- City: Dover, New Hampshire
- League: AEHL
- Operated: 2007-2008
- Home arena: Dover Ice Arena
- Colors: Teal, Gray, and Black
- General manager: Ron Brousseau
- Head coach: Ron Brousseau

Franchise history
- 2005-2007: Exeter Seawolves
- 2007-2008: Dover Seawolves

= Dover Seawolves =

Former ice hockey team in Dover, New Hampshire

The Dover Seawolves were an independent Junior A ice hockey team that played in the America East Hockey League.

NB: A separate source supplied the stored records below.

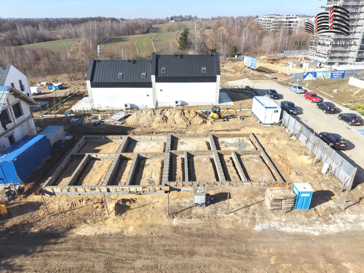 Projekt Q4 to połączenie estetyki nowoczesnych stodół z zaawansowanymi technologiami budowlanymi. Budynki znajdują się tuż
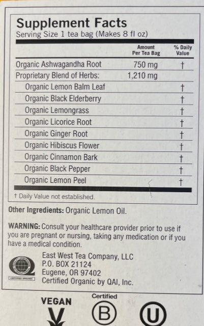 Disfrute de este té de hierbas orgánico con saúco negro, hoja de bálsamo de limón y raíz de Ashwagandha que no contiene OGM ni cafeína. Viene con 16 bolsitas de té. Los ingredientes adicionales para estimular el sistema inmunológico incluyen:
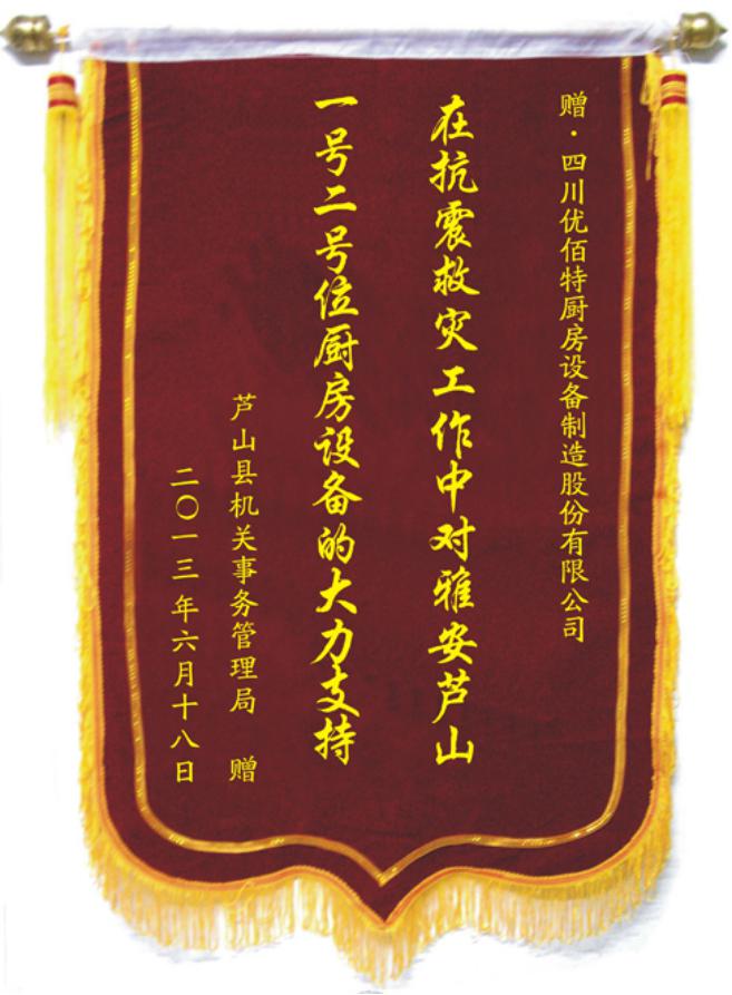 我公司2013年雅安蘆山地震中援建午夜视频免费在线观看設備,獲蘆山縣贈錦旗

The team played home games at the Dover Ice Arena in Dover, New Hampshire.

==Team history==
The Seawolves franchise joined the AEHL for the league's first season in 2005 as the Exeter Seawolves, playing from 2005 to 2007 and in Exeter, New Hampshire. The team participated in the America East Hockey League as well as exhibition games against college teams to help players gain experience. The Dover Seawolves folded after the 2007–08 season.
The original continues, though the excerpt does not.